◆ Required action:
Copy out the data below as written; omit any images.

◆ Data extract:
──────────

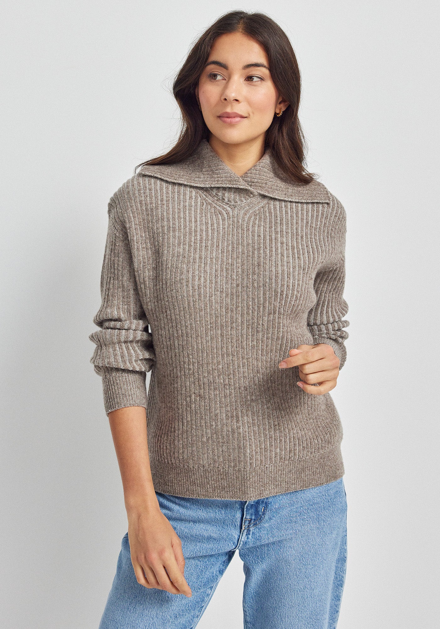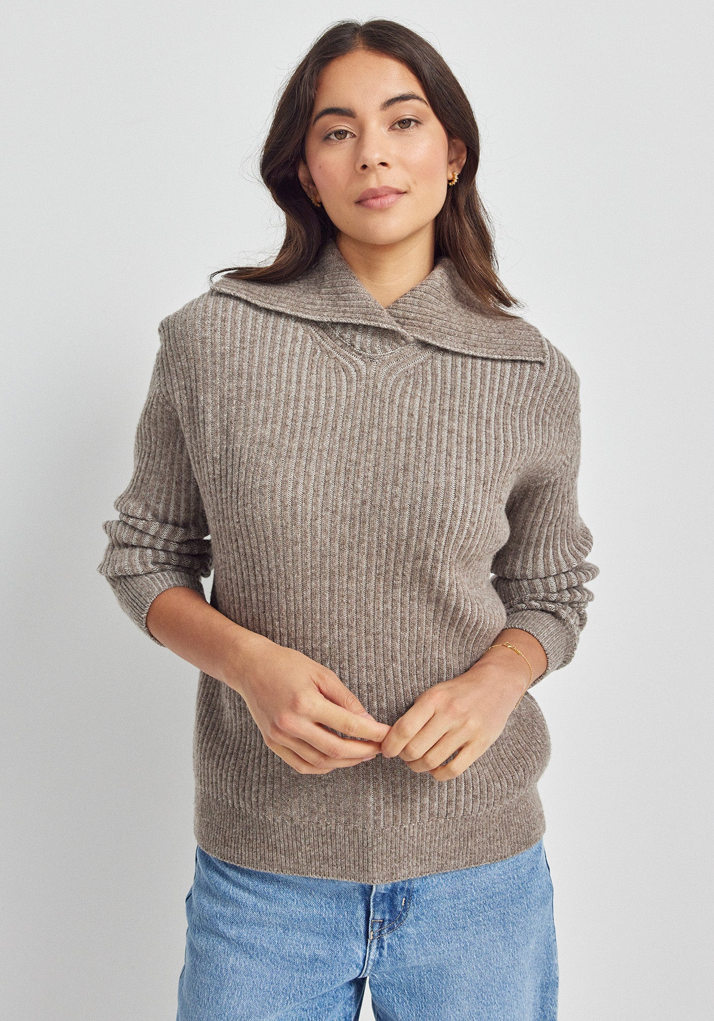 The wide, sculptural collar rests gently across the shoulders, and can be pulled up for extra warmth and layered over a coat, or worn high when the weather turns.
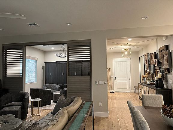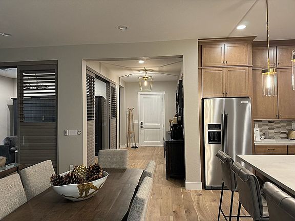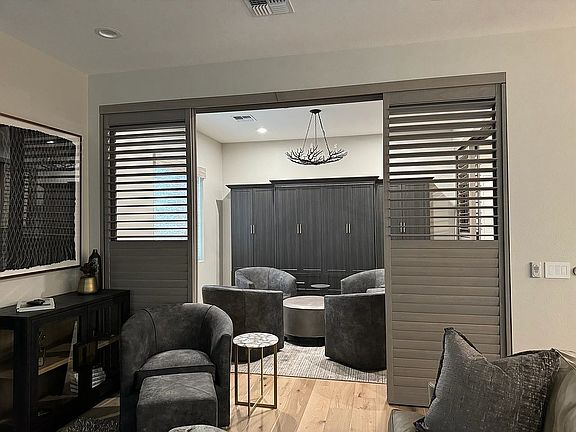 Better than new! Check out this fully upgraded move in ready home! Over $250,000 in upgrades. All closets done by NV Custom Closets. Epoxied garage with custom built in cabinetry. Two tone paint. Wood flooring (not LVP) throughout. Motorized window treatments throughout along with a custom bypass shutter to enclose the den, which includes a queen size Murphy bed. Toto Easley in all baths. Double lit mirrors in Master Bath. Brizo touch faucet, instant hot and dual built in soap dispensers in kitchen. Kitchen Aid refrigerator. GE stacked washer/dryer. Lutron switches (can be operated by your phone) throughout. High end lighting and fans in both bedrooms and living room. Dog lovers? Dog door leads to fenced dog run with artificial turf.
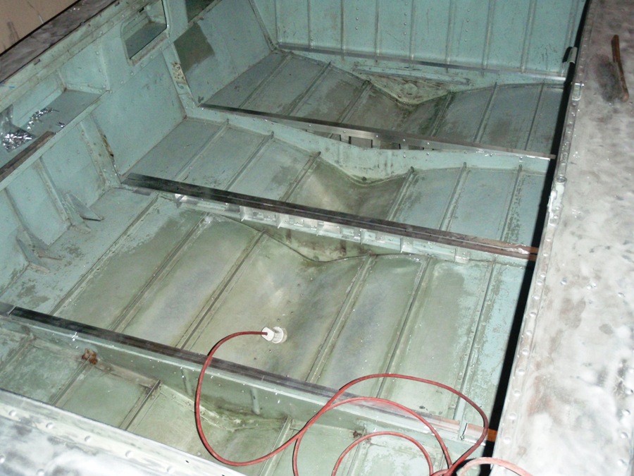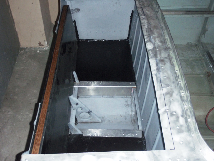 Ну во общем сегодня эпаксидка застыла, прилипла намертво, хрен чем отдерешь, чутка было помазано снаружи, побольше в нутри и потом еще придавил уголком на герметике, расклепав его к шпангоутам. Потом по извращались малехо с полом, рецесом и транцем.

──────────

◆ Exercise result:
 The wide, sculptural collar rests gently across the shoulders, and can be pulled up for extra warmth and layered over a coat, or worn high when the weather turns.
 Better than new! Check out this fully upgraded move in ready home! Over $250,000 in upgrades. All closets done by NV Custom Closets. Epoxied garage with custom built in cabinetry. Two tone paint. Wood flooring (not LVP) throughout. Motorized window treatments throughout along with a custom bypass shutter to enclose the den, which includes a queen size Murphy bed. Toto Easley in all baths. Double lit mirrors in Master Bath. Brizo touch faucet, instant hot and dual built in soap dispensers in kitchen. Kitchen Aid refrigerator. GE stacked washer/dryer. Lutron switches (can be operated by your phone) throughout. High end lighting and fans in both bedrooms and living room. Dog lovers? Dog door leads to fenced dog run with artificial turf.
 Ну во общем сегодня эпаксидка застыла, прилипла намертво, хрен чем отдерешь, чутка было помазано снаружи, побольше в нутри и потом еще придавил уголком на герметике, расклепав его к шпангоутам. Потом по извращались малехо с полом, рецесом и транцем.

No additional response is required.